Linear Extensions of Rotor-Routing in Directed Graphs: Reachability Problems

TL;DR

This paper extends rotor-routing to a broad class of multigraphs with Generalized Rotor Mechanisms, analyzing reachability problems and establishing complexity results, including NP-completeness and polynomial-time algorithms.

Contribution

It introduces a unified framework for rotor-routing with GRM, generalizing previous models and characterizing reachability complexities in this broader setting.

Findings

Legal reachability in GRM multigraphs is NP-complete.

Cyclic GRM routing admits a polynomial-time algorithm.

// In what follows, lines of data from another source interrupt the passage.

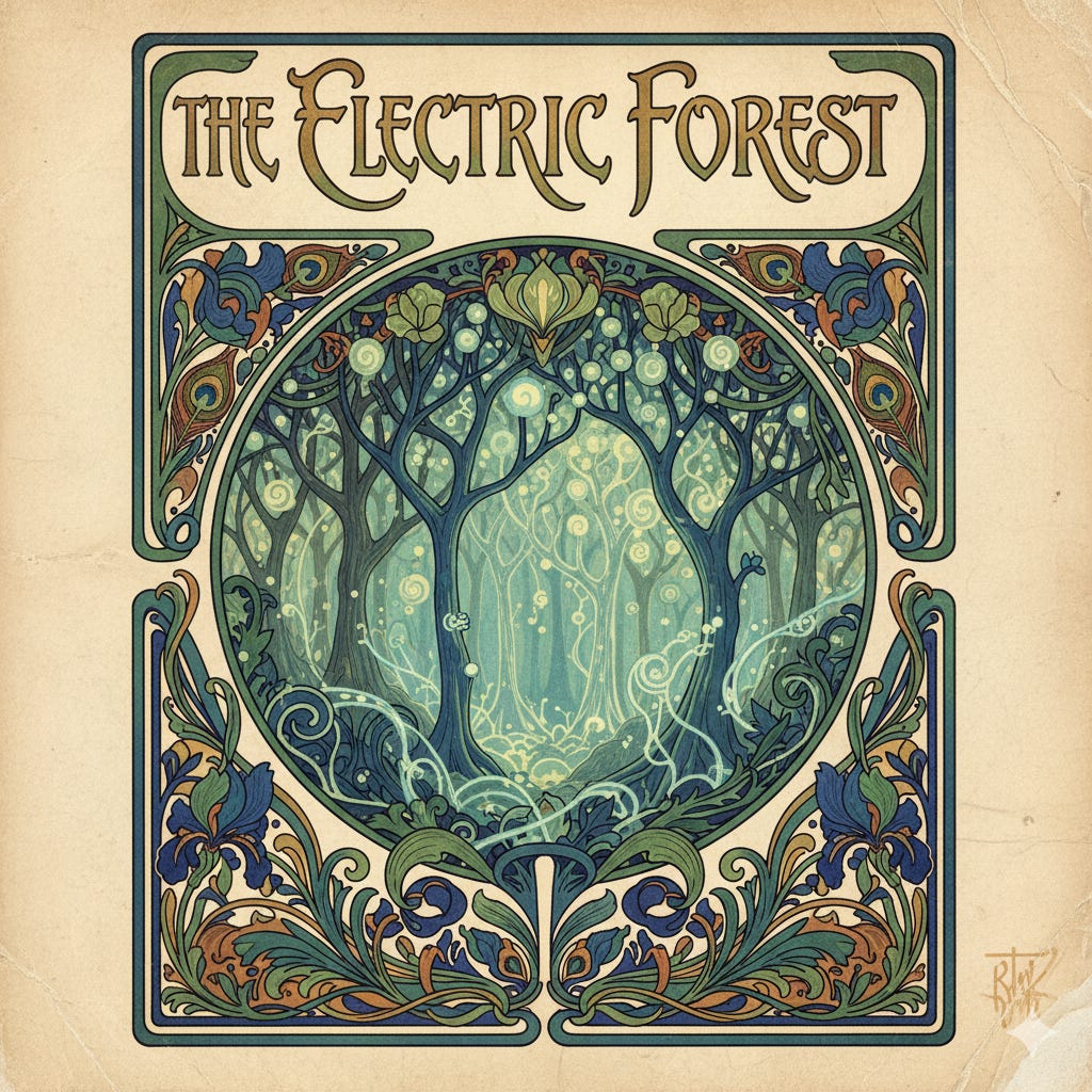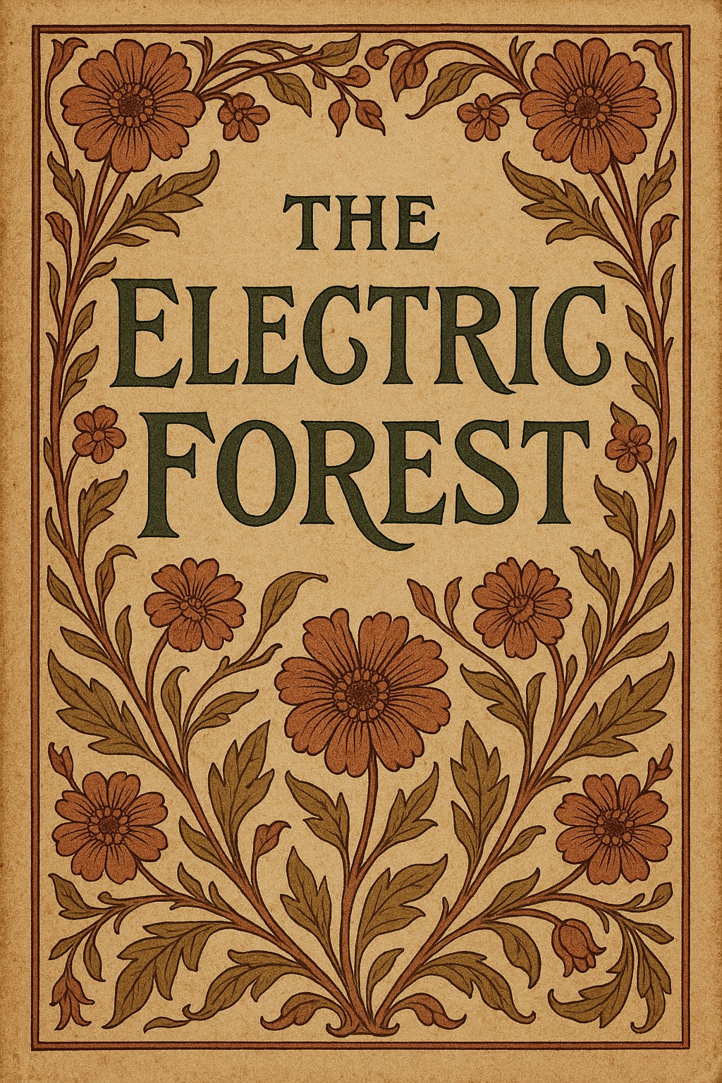 šŖ Prompt: A vintage book cover with the title āThe Electric Forestā, stylized type, floral borders, aged paper texture, Art Nouveau style.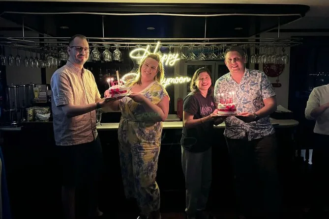 El primer “wow” real llegó en la Cueva Oscura y Clara. Elegimos hacer kayak (mis brazos aún lo recuerdan) mientras otros optaron por que los llevaran en botes de bambú guiados por locales. Todo estaba en silencio, salvo el sonido de los remos y algún que otro canto de pájaros rebotando en los acantilados de piedra caliza. Ya en el barco, hubo una fiesta al atardecer — todos relajados con sus bebidas mientras el cielo se pintaba de ese azul-rosado que sólo ves cerca del agua. Más tarde Minh nos enseñó a preparar rollitos frescos (“¡Enrollen más apretado!” repetía), pero los míos parecían burritos tristes. Eso sí, estaban deliciosos.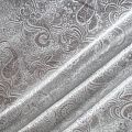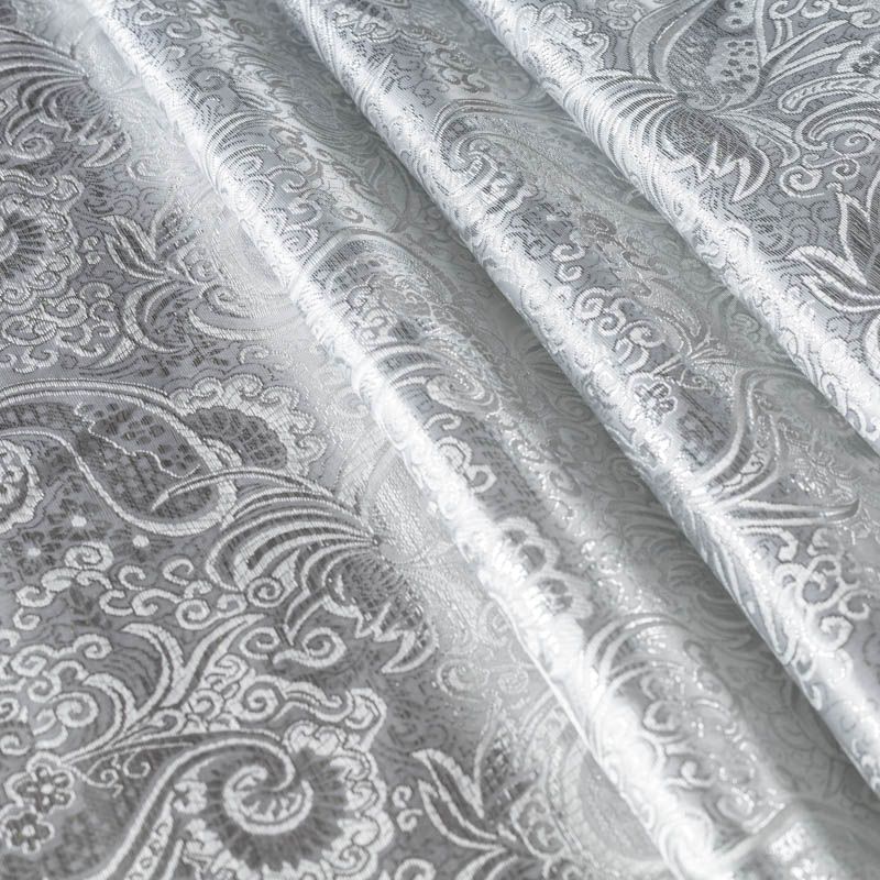 Насыщенная ткань плотного переплетения с декоративной поверхностью, покрытая сложным орнаментом из блестящих нитей. Ткань легкая, отлично драпируется, держит форму, отличается прочностью, долговечностью, износостойкостью и простотой в уходе, не смотря на свою высокую декоративность. Нарядность ткани придает золотая люрексовая нить. Подходит для пошива юбок, платьев, топов, сценических костюмов.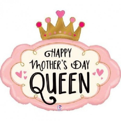 Balão foil com a forma de coroa para celebrar o dia da mãe com a inscroção "Happy Mother's Day Queen". Pode encher com ar e suspender ou com hélio para flutuar.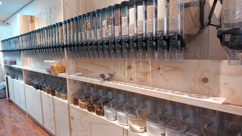 Alles is los te koop, en je kunt zoveel nemen als je nodig hebt, waardoor er, behalve al die plastic verpakkingen, ook veel product wordt bespaard.

Framework unifies rotor-routing and abelian sandpiles as Vector Addition Systems.

Abstract

We develop a unified framework for rotor-routing that extends the classical model to a broad class of multigraphs equipped with Generalized Rotor Mechanisms (GRM). This perspective places rotor-routing on the same footing as abelian sandpiles by interpreting both as conservative instances of Vector Addition Systems (VAS). Within this framework, routing becomes a linear transformation governed by arc mechanisms, while legality is enforced through non-negativity constraints. We introduce four routing models -- free routing, standard rotor-routing, cyclic GRM routing, and fully general GRM routing -- and study their reachability problems in both the linear and legal settings. Our results generalize previous characterizations for standard rotor-routing and extend them to the GRM setting. In particular, we show that legal reachability in GRM multigraphs is NP-complete, whereas the cyclic GRM routing model, which includes the classical rotor-router, admits a polynomial-time algorithm.